The findings reported in this article have provided empirical evidence that (i) a non-instructional approach for educational robotics activities (i.e., unlimited access to the programming interface) can promote a trial-and-error behavior; (ii) a scheduled blocking of the programming interface can foster cognitive processes related to problem understanding, idea generation, and solution formulation; (iii) a progressive adjustment of the blocking of the programming interface can help students in building a well-settled strategy to approach educational robotics problems and therefore may represent an effective way to provide instructional scaffolding. Taking these findings into account, this study provides initial evidence on the need for specific instructional interventions on ER activities and illustrates how teachers could use the proposed model to design ER activities aimed at CT skill development. The findings of this study thus allow to make a transition from theoretical to more operational frameworks as recommended by Ioannou and Makridou (2018). The CCPS model is indeed inspired by existing CT models (Romero et al., 2017; Shute et al., 2017), but it makes a distinct contribution regarding the transfer to the classroom by providing teachers with explicit guidance on the implementation, as previously recommended by Atmatzidou and Demetriadis (2016). Indeed, this study offers to teachers and researchers a conceptualization of five cognitive states (USTD IDEA–FORM–PROG–EVAL) which is adapted to ER activities and K-5 students. In the present work, the main pedagogical lever that has been manipulated was the blocking of the programming interface. This intervention proved to be an effective way to help students cover a more complete spectrum of CT competencies, in contrast to a non-instructional modality, in which they mainly focus on their programming skills. As a matter of fact, this intervention can be easily implemented by teachers regardless of the type of robot used. Consequently, this study also addresses the lack of research on CT for K-5 classrooms, particularly grades 3 and 4, i.e., students of age between 8 and 10 years old. However, the presented findings are not limited to this age range and may possibly be extended to younger and older students. Finally, the establishment of this model and especially of its mechanics could appear as a step forward in the implementation of the CT in the classroom through ER activities.

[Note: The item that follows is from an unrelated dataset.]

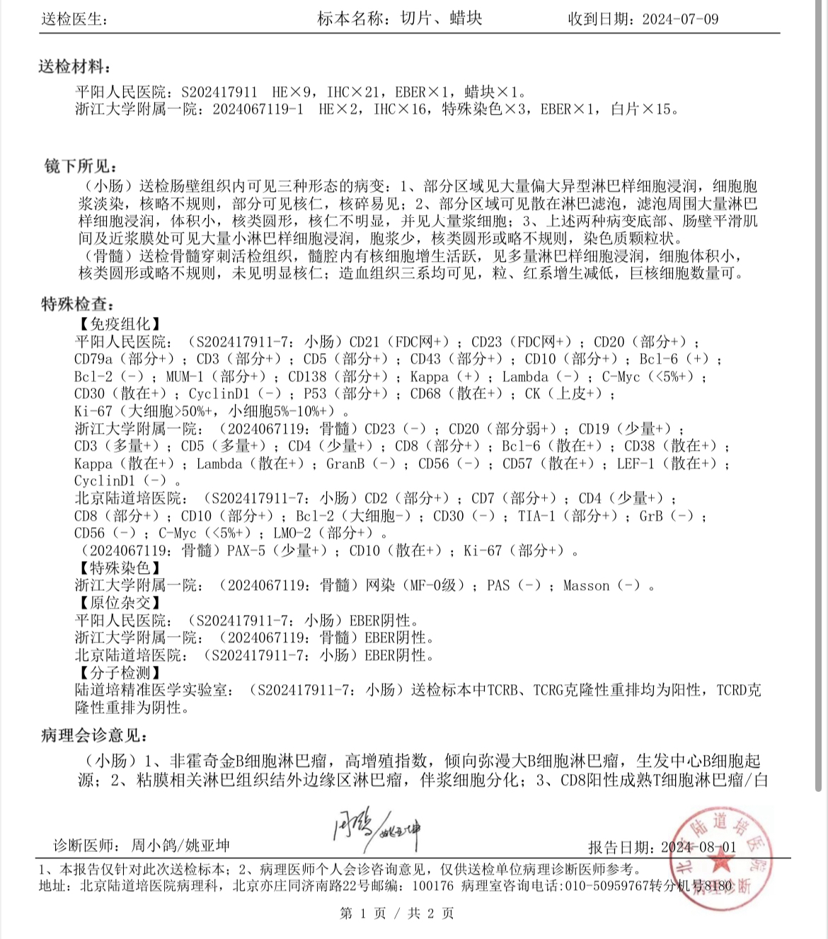 1,普通化疗,可以同时照顾到弥漫大b和T细胞淋巴瘤。但是医生告知,很有可能一疗都扛不过去。问我能不能接受。

Limitations and future work

Although the results of this study appear to be promising, further studies are needed to draw more substantial conclusions. Due to school regulations, access to classrooms is limited for research purposes, hence in this study, the experiments were conducted with a small sample size. Nevertheless, considering the 2162 mapped transitions, this size could be considered sufficient for the purpose of this research, which is namely to verify the present model. However, as the main goal of the CCPS model is to support teachers in the design, implementation, and evaluation of ER activities, future work should investigate whether teachers really perceive an added value of the model for their teaching activities. Moreover, other intervention hypotheses could be explored and tested, in order to demonstrate more exhaustive validity of the model. Furthermore, in order to present evidence for the effectiveness as a reference model for ER activities, future longitudinal studies should investigate the effective learning gains evoked by the interventions proposed by the model. In this regard, the findings of the present study may provide a good starting point for the design and executions of such studies.